京大の卒業祝いの落雁、研究林間伐材で作った祝い箸へ
卒業式でもらうものは、
卒業証書と記念品
だけれども、京大の場合は記念品は
大きな紅白落雁
だった。さすがに京都だけあって、有名な菓子司のもので、餡入りだったような記憶がある。この手の落雁は
形だけでおいしくない
のが相場だが、この落雁はまあまあだった。箱の裏に菓子司の名前が入ってるから、おいしくなかったら、どこから文句が出るかわからないのが京都だ。京大には、華族の末裔とか華道・茶道などの家元の関係者とか有力寺院の子弟とかが在学・在職しているので、菓子司にとっては地雷だらけだ。
で、この落雁が、
下宿生が多い京大生にとっては巨大すぎる落雁
なのである。切り分けて食べてちょうどいいくらいの大きさなのだ。家族が卒業式に来ていればいいが、そんな学生ばかりじゃないし、すぐに就職などで京都を離れる人にとっては悩みの種で、卒業式の後に研究室に行くと、
俺、食べられないから、みんなで食べて
と、落雁の箱が置いてあったりするのだった。おいしいお茶でもあれば、餡入り落雁は悪くないのだが、貧乏な学生ばかりの研究室だから、そんな贅沢も言えない。

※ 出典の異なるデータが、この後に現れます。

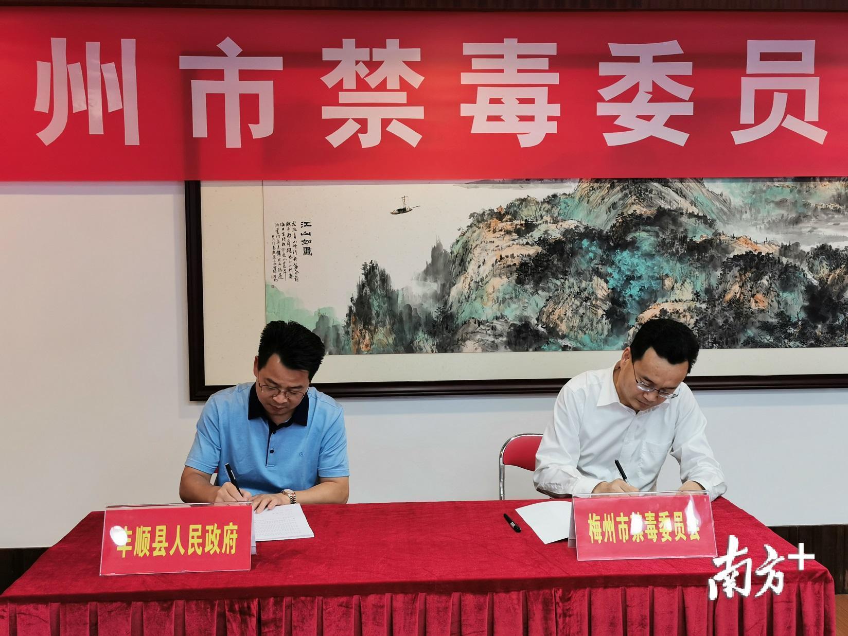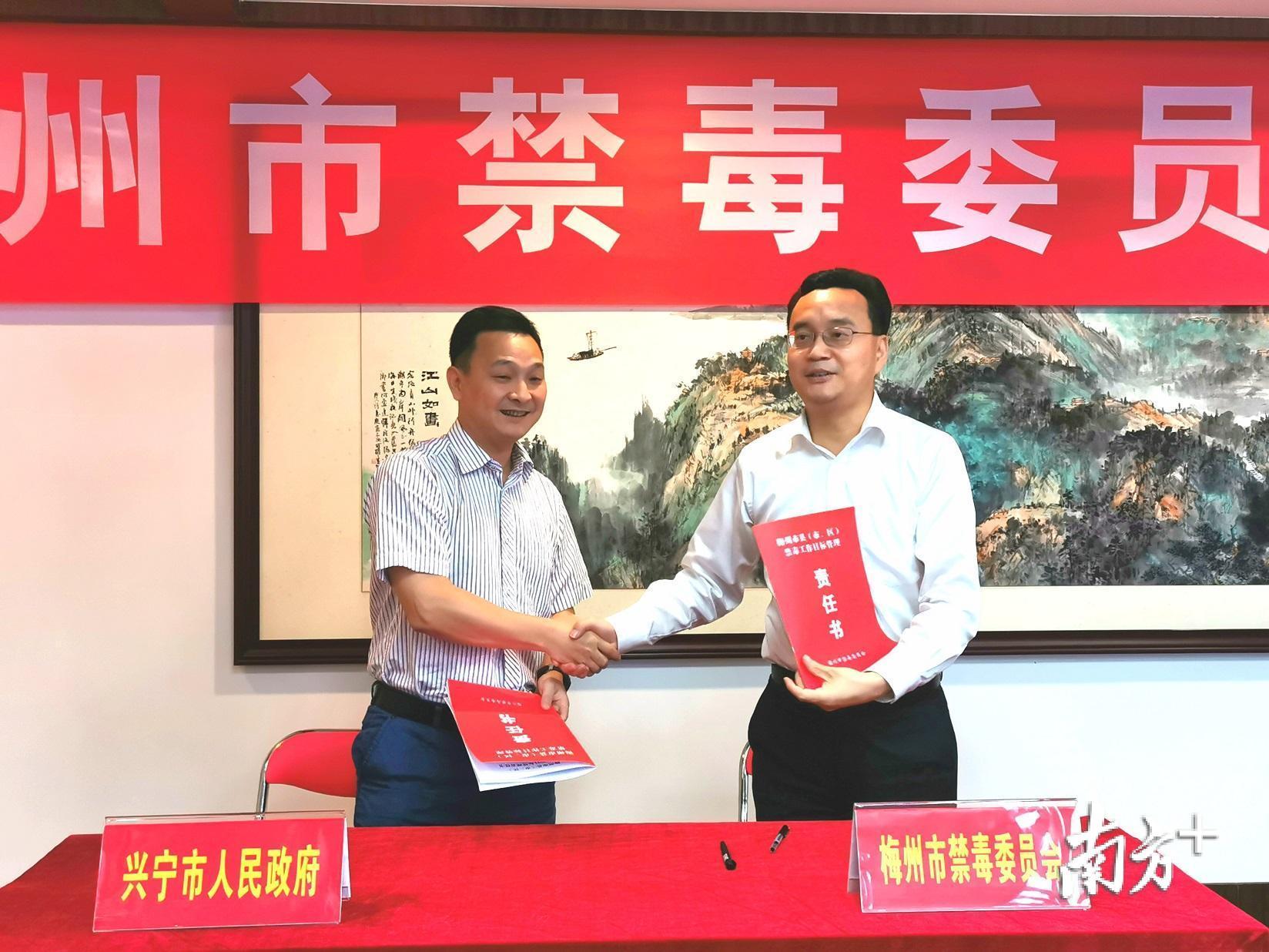 会上,梅州市政府与兴宁市、丰顺县、市教育局、团市委签订《禁毒工作目标管理责任书》。

で、卒業式に出ないで後から卒業証書を取りに行っても、余ってたら落雁をくれたんじゃなかったっけ。ものすごく遅れて取りに行っても、落雁をもらって、絶句していた先輩がいたような気がする。
文学部の場合は、建て直される前は、卒業式の後に
名誉教授室で学部長から直々に卒業証書授与
以文会の入会記念ティーパーティ
があったけど、最近どうしてるか知らない。名誉教授室という古き良き帝国大学時代の遺物は、講座の増加があったせいだったか、前世紀になくなり、英語英文学かどこかの研究室に化けたような記憶がある。その旧館もとっくにない。
何かあれば
紅白の薯蕷饅頭
を配るのは京都のしきたりだが、国立大学にも受け継がれていて、創設の歴史が浅かった、博士課程の大学院でも、何か研究所の祝い事があれば、紅白饅頭をもらった。これもやはり名のある菓子司のものだった。腰高の薯蕷饅頭はおいしい。
恩師の退官記念パーティで頂いた引き菓子は、
末富に特別に作らせた美しい金団
で、茶道サークルの顧問を務められていた先生にふさわしいお菓子だった。
このように
祝い事とお菓子は切っても切れない京都
だったのだが、尾池総長が
しきたりよりも環境問題が大事
と、
落雁をやめて、研究林の間伐材から祝い箸を作って贈る
ことにしたという。
朝日より。
卒業記念の祝い箸、研究林の間伐材で 京大総長が考案
2007年03月17日祝い箸を持つ尾池和夫・京都大総長
http://www.asahi.com/kansai/news/image/OSK200703170051.jpg京都大は、26日に卒業する学部生約3千人への記念品に、研究林のスギ間伐材で作った祝い箸(ばし)を贈る。従来の落雁(らくがん)(干菓子)に代え、尾池和夫総長(地震学)が発案した。
「京都大学」の焼き印入りで長さ50センチ。耐震建築に間伐材を再利用する研究からヒントを得た。割り箸の案も出たが「捨てて焼かれると炭酸ガスを出す」とやめた。
伐採から約半年かけて作り、経費は約230万円。尾池総長は願う。「箸にも棒にもかからないではなく、世界の橋渡しをするような人物になってほしい」
まあ、最近の学生諸君は、落雁でもないだろうからなあ。
ただ、落雁を納めていた菓子司とどういう風に話をつけたのかが気になるな。なんせ、京都だし。